-- Work request --
Skip the pictures. Give all the data again exactly.

-- Dataset extract --
============

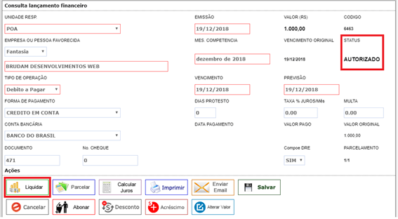 Ao clicar em “OK”, o sistema irá alterar o status do lançamento para “AUTORIZADO“, liberando o botão de “LIQUIDAR“:
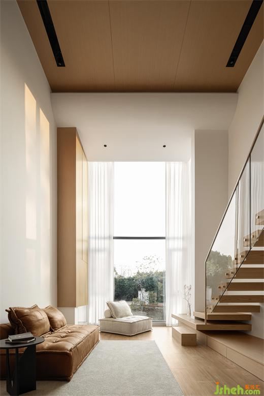用简约暖色的材质营造舒缓氛围,用不墨守成规的功能连结,赋予屋主独特的动线扭转,时间随着恣意流动,叠拼别墅装饰包裹着简单舒适的生活。
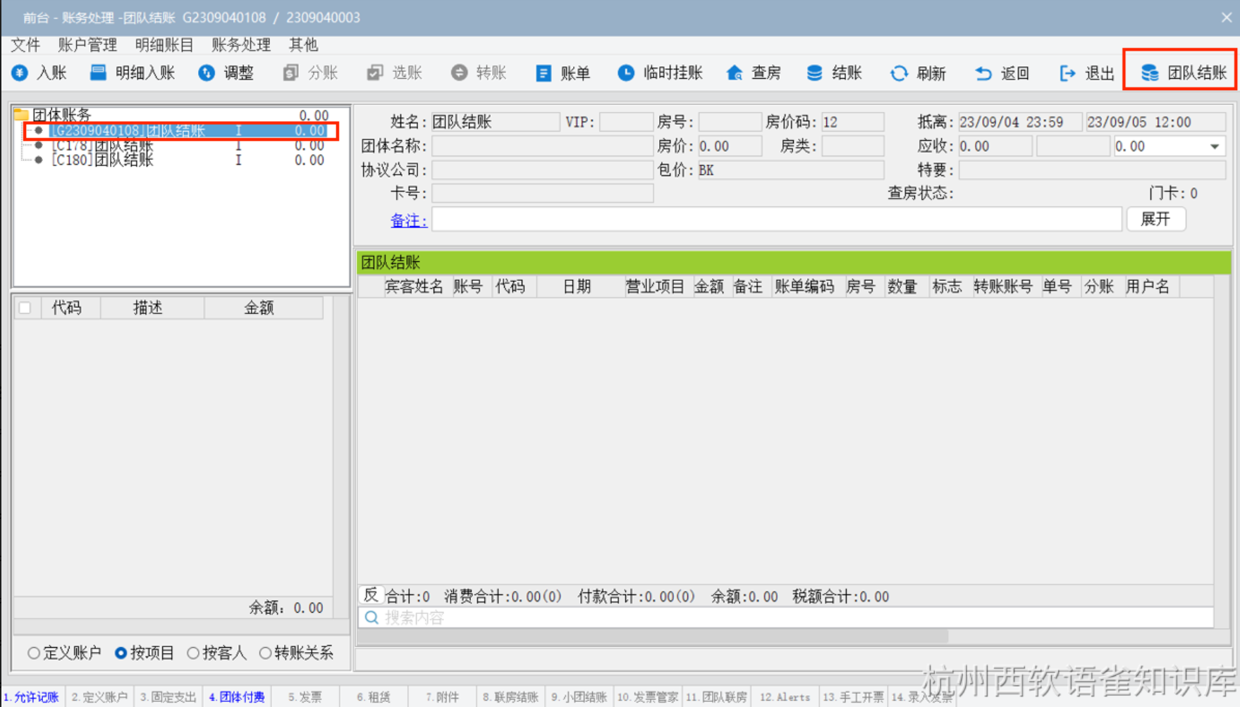 1)账务处理窗口-选择团队节点-单击团队结账,进入团队结账界面

============

-- Exercise answer --
 Ao clicar em “OK”, o sistema irá alterar o status do lançamento para “AUTORIZADO“, liberando o botão de “LIQUIDAR“:
用简约暖色的材质营造舒缓氛围,用不墨守成规的功能连结,赋予屋主独特的动线扭转,时间随着恣意流动,叠拼别墅装饰包裹着简单舒适的生活。
 1)账务处理窗口-选择团队节点-单击团队结账,进入团队结账界面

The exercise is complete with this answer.